子どもの頃は意味が分からなかったことでも、大人になると見え方が変わり、理解できることも多い。とくに『ガンダム』シリーズは大人向けの描写も多いため、あらためてアニメを見直すたびに意外な発見もある。
そこで今回は『機動戦士ガンダム』に描かれたシーンのなかから、大人になってから真意に気づいた「意味深な描写」をピックアップ。子どもの頃は気にもしなかった場面を掘り下げてみたい。
■深夜に来訪した少女の想い
物語序盤、アムロに対して恋心を抱いていたのが幼なじみのフラウ・ボゥだ。最終的にはアムロに見切りをつけ、ハヤトと結婚することになるフラウだが、そのきっかけともいえるワンシーンが第14話「時間よ、とまれ」の回にあった。
深夜、アムロの部屋の前で帰りを待っていたフラウ。それも、いつもの軍服姿ではなく、大きめのコートを肩から羽織り、なかに着ているのは私服という姿だ。そのうえ素足にサンダルという組み合わせで、いつもの爛漫なフラウとは思えない大人っぽさがある。
当時、このシーンの意味はよく分からなかった。しかし、大人になってからあらためてこのシーンを見返すと、フラウの切ない想いが痛いほど伝わってくる。
このときのアムロは、年上でお姉さん的存在のマチルダ中尉に熱をあげており、フラウの恋心など、まるで気づいていない様子。それを察した彼女が焦りを感じ、アプローチをかけるのも無理はない。
そしてマチルダに会いに行っていたアムロは、「どこに行っていたの?」というフラウの問いかけに対し、「トイレさ」とあからさまなウソをつく(トイレと逆方向からアムロは帰ってきた)。

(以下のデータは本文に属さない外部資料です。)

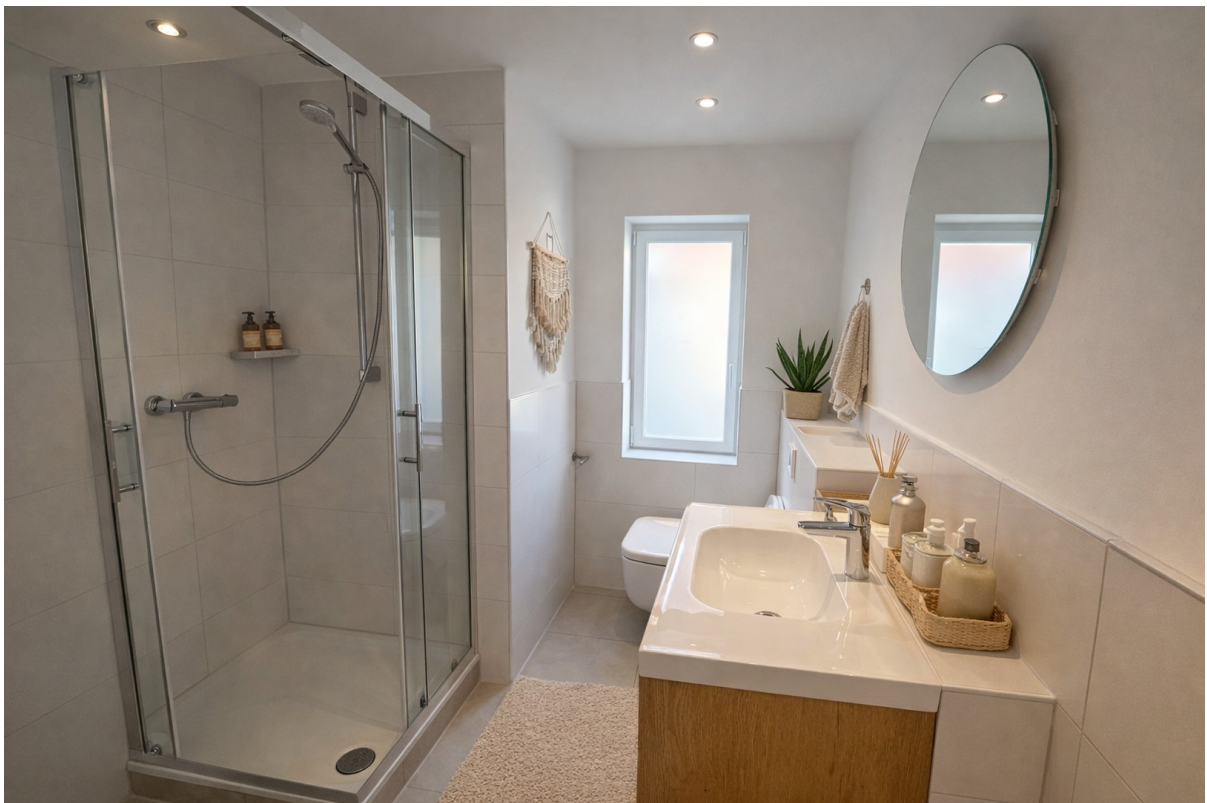
Badezimmer; KI generiert

そのまま自室に入ろうとするアムロに物を言いたげな視線を送り、立ち去ってゆくフラウ。一連のアムロの対応に、彼女が大きく落胆したのが分かる。
そしてアムロがドアを閉じると、フラウは一度だけ振り返り、アムロの部屋のほうをじっと見つめる。それはまるで、アムロが再度ドアを開けてくれるのを期待しているようにも見えた。
■敵軍を応援する一般兵士
第14話「時間よ、とまれ」には、もうひとつ意味深な描写があった。このエピソードでは、ザクを1機しか持たないジオン軍の部隊と戦うことになる。
ジオンの部隊の作戦は、ザクでガンダムを引きつけ、その間にワッパというホバークラフトに乗ったジオン兵が、ガンダムに直接爆弾を取りつけるというもの。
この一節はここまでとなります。